Beginning with the line of the entries below that holds "他喝得醉醺醺,勾着老外的脖子" and ending with the line that holds "Ślad zapewnia bezpieczne", transcribe each line exactly as written. Pictures stay out.

● Input for this task:
========
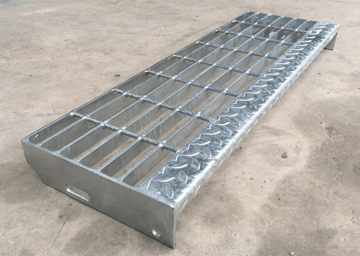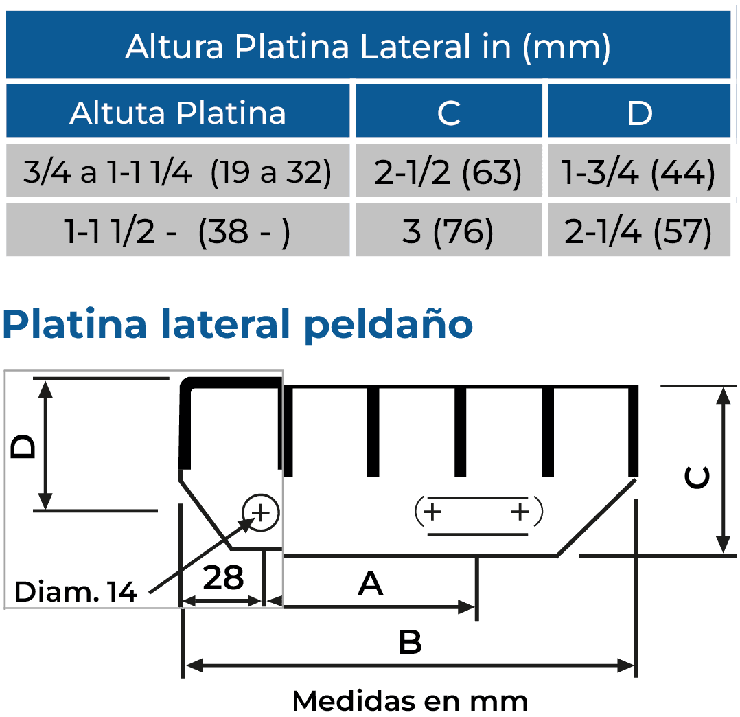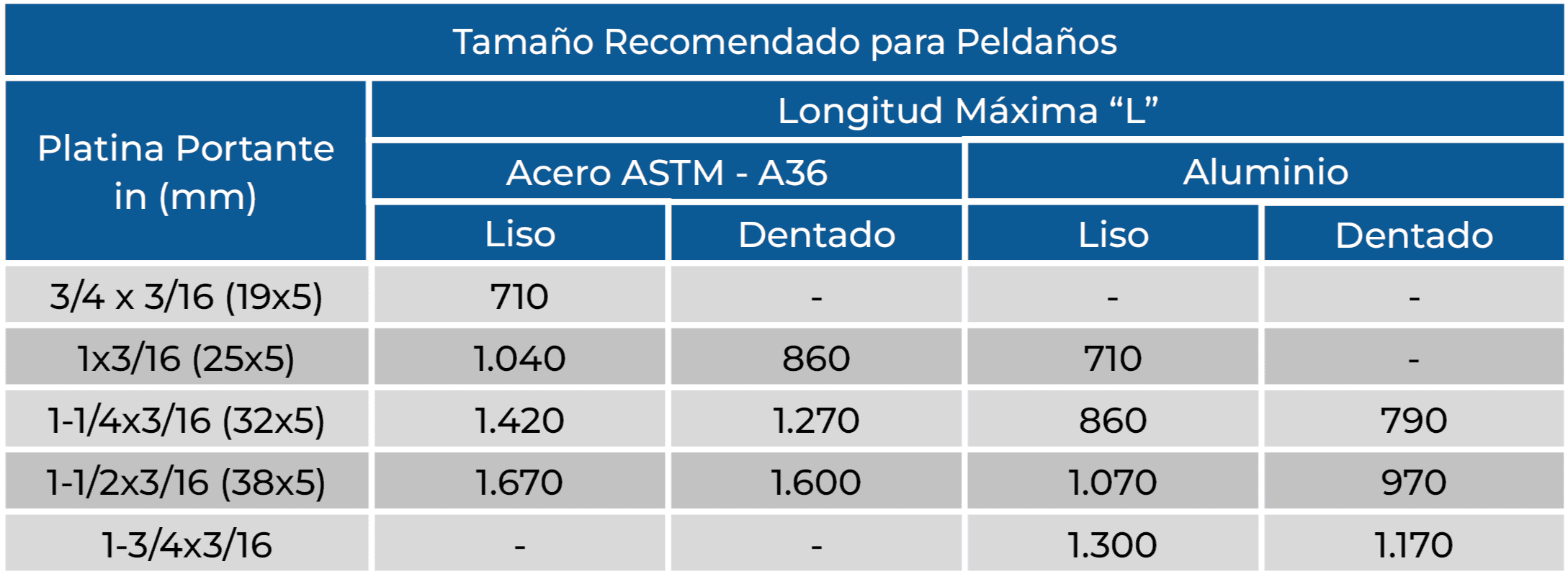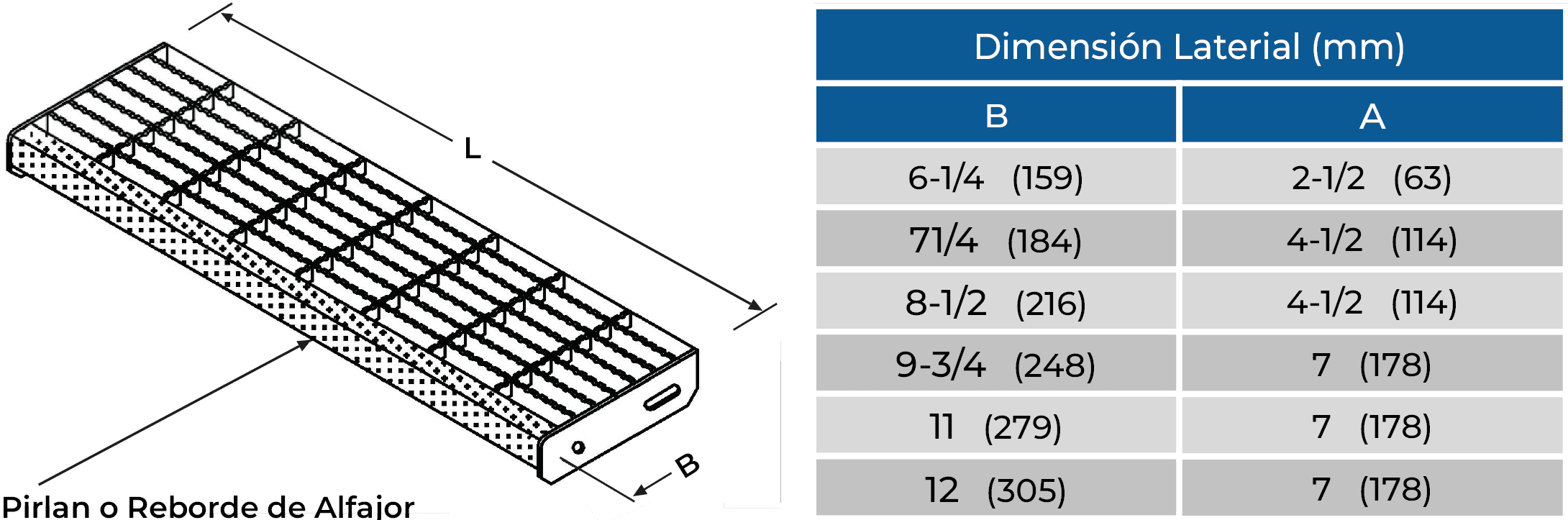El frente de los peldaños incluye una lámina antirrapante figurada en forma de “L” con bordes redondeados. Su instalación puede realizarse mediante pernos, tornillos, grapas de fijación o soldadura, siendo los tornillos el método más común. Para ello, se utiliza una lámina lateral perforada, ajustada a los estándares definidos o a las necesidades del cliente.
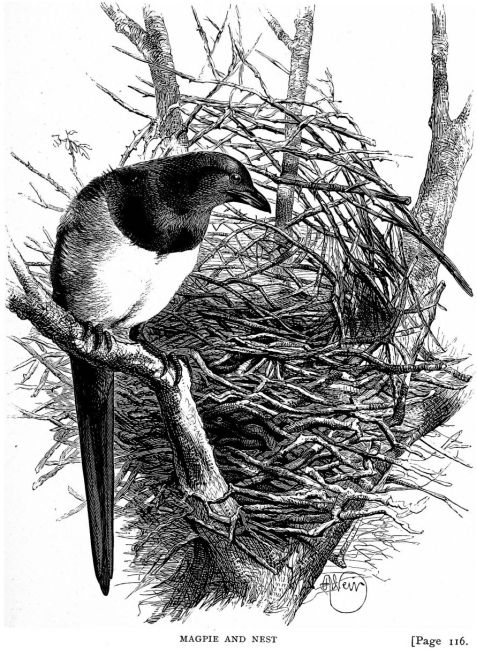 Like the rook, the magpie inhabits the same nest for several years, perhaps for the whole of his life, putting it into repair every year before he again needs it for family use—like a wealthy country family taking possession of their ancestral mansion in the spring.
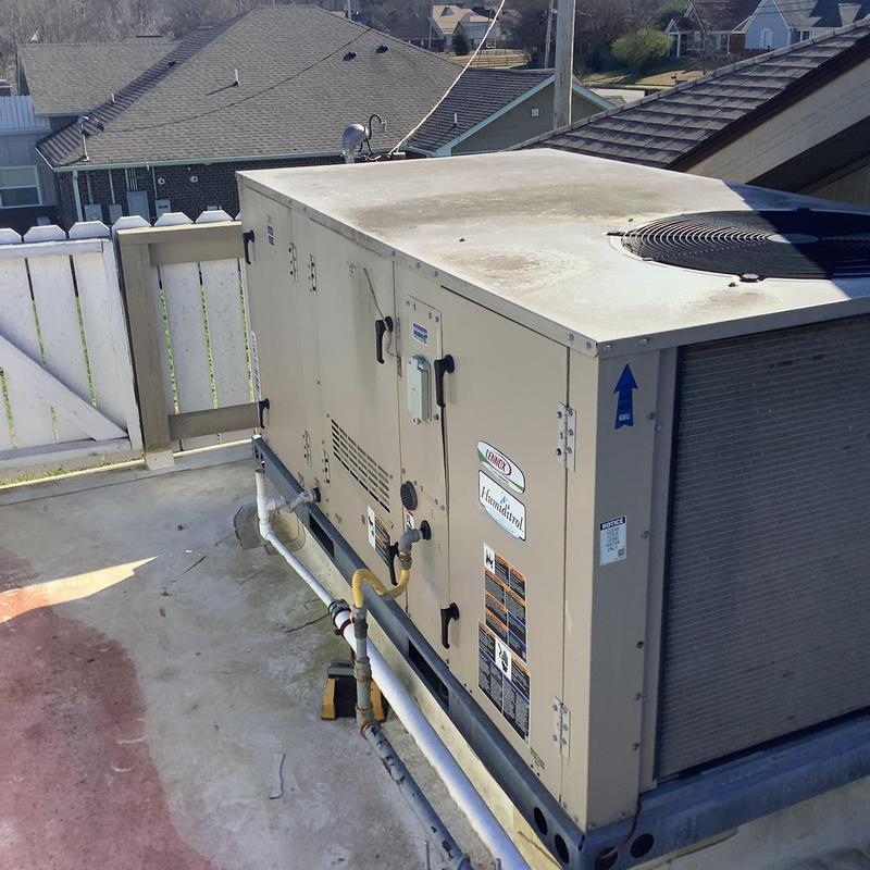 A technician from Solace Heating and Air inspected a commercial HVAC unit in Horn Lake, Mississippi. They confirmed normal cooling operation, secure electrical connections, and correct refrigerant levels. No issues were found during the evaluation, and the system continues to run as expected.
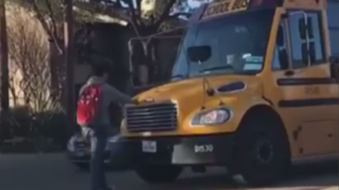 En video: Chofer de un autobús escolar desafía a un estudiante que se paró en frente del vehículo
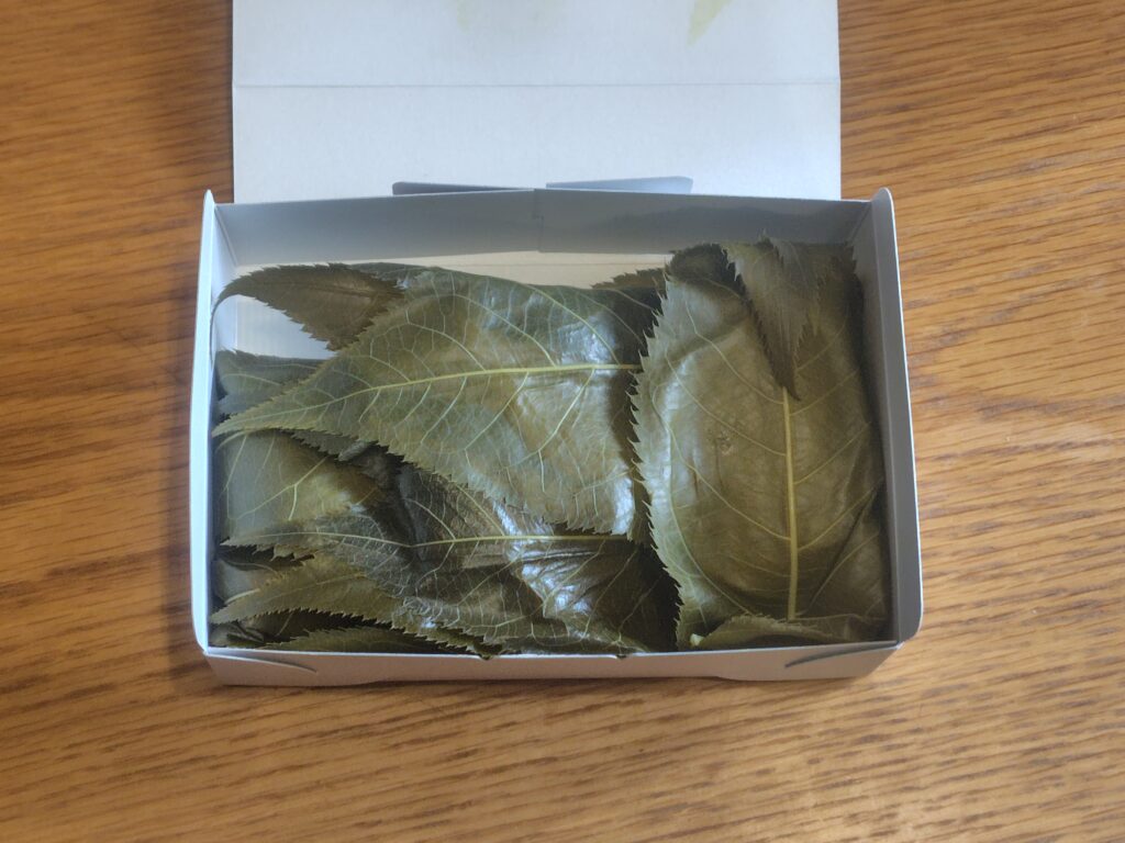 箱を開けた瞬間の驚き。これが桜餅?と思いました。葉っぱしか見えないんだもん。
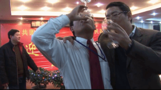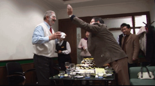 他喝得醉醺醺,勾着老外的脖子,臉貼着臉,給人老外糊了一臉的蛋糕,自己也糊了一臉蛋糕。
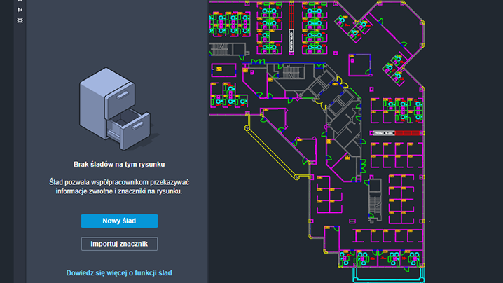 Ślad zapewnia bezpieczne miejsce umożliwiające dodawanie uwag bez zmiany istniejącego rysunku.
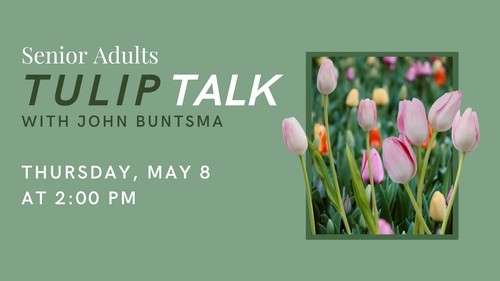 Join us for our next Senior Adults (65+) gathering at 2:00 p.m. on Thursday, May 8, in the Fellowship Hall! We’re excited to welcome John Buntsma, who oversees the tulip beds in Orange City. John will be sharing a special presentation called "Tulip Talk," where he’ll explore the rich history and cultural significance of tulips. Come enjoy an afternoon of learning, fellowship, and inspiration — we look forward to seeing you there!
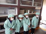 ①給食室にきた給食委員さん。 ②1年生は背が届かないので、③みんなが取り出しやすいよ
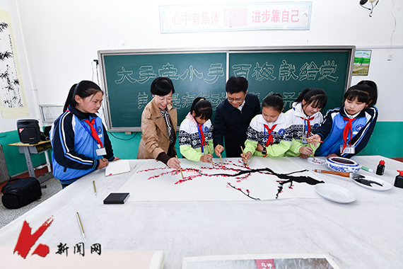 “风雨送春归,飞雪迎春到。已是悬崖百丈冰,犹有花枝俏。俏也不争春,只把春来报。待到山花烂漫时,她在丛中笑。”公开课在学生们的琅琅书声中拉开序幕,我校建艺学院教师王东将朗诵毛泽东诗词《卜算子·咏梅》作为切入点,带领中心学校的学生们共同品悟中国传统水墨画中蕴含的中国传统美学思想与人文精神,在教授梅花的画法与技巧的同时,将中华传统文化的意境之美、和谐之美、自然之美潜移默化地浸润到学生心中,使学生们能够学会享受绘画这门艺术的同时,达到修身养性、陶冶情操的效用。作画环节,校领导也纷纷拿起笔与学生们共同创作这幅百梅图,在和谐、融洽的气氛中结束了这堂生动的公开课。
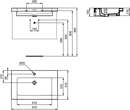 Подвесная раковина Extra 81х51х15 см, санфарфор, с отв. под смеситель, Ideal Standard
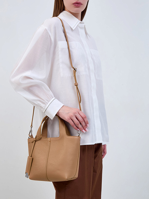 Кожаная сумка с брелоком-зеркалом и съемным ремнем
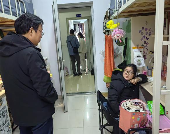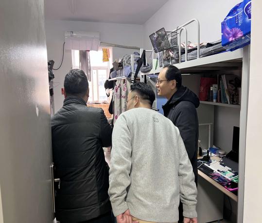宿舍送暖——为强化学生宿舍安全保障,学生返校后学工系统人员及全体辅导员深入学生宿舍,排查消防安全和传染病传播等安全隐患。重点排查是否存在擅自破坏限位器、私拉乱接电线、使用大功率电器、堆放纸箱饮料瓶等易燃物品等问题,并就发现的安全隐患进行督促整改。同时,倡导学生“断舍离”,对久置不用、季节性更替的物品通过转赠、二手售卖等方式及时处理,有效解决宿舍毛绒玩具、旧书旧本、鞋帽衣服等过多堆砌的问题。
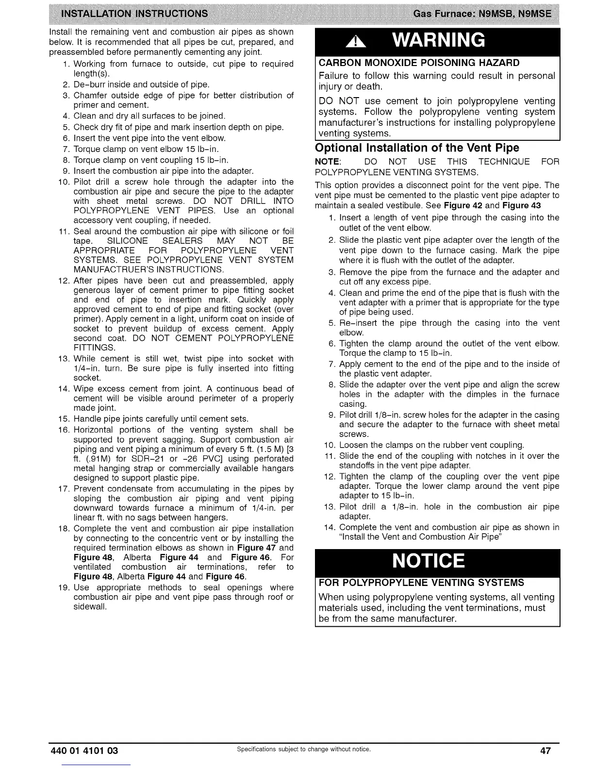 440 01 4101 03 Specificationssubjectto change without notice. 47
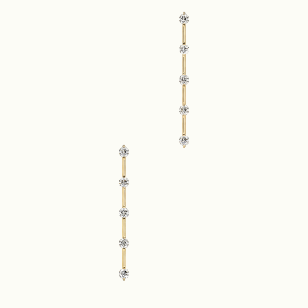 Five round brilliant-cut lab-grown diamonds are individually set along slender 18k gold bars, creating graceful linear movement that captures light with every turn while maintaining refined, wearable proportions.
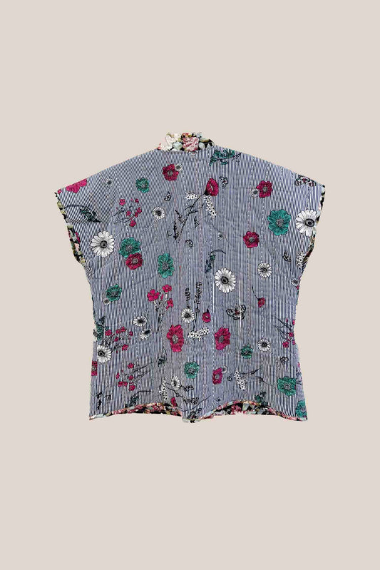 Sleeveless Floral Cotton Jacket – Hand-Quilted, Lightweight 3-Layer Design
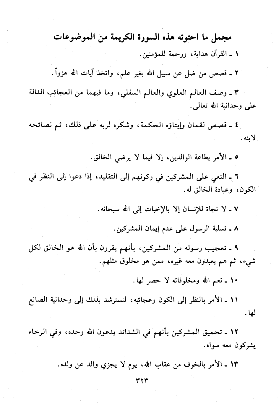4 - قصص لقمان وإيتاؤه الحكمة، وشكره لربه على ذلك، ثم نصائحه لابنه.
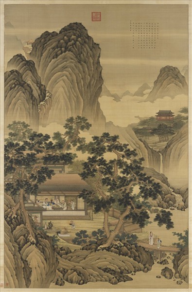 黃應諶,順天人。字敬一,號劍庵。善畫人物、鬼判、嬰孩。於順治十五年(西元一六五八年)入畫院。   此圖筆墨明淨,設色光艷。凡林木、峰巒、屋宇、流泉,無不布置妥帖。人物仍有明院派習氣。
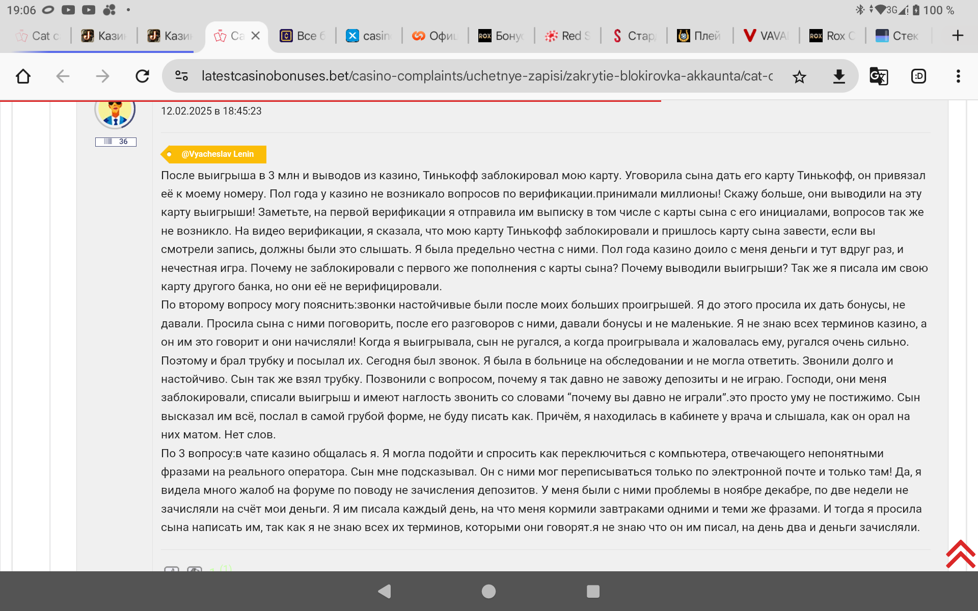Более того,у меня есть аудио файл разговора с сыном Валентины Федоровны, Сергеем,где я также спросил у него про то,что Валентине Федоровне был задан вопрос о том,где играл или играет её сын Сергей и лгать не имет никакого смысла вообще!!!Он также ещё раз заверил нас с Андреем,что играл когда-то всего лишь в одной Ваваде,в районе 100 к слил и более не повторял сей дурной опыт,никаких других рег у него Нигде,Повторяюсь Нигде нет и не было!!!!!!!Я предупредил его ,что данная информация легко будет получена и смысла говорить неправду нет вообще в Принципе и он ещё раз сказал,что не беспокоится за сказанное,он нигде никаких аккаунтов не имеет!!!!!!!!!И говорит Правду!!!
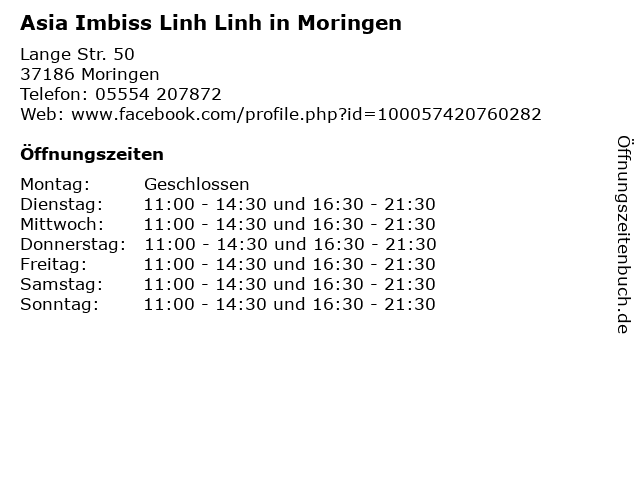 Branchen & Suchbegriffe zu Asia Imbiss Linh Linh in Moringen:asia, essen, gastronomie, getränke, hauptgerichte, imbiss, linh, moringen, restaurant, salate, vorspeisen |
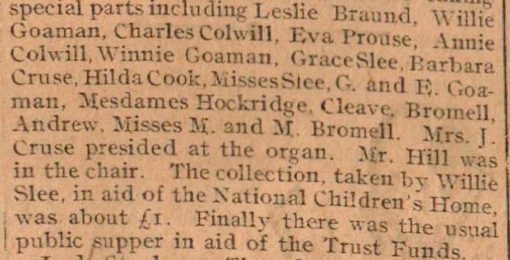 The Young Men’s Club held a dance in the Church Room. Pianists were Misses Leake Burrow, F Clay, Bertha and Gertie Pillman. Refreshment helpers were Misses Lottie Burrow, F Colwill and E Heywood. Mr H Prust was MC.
========
● Reply to the task:
 他喝得醉醺醺,勾着老外的脖子,臉貼着臉,給人老外糊了一臉的蛋糕,自己也糊了一臉蛋糕。
 Ślad zapewnia bezpieczne miejsce umożliwiające dodawanie uwag bez zmiany istniejącego rysunku.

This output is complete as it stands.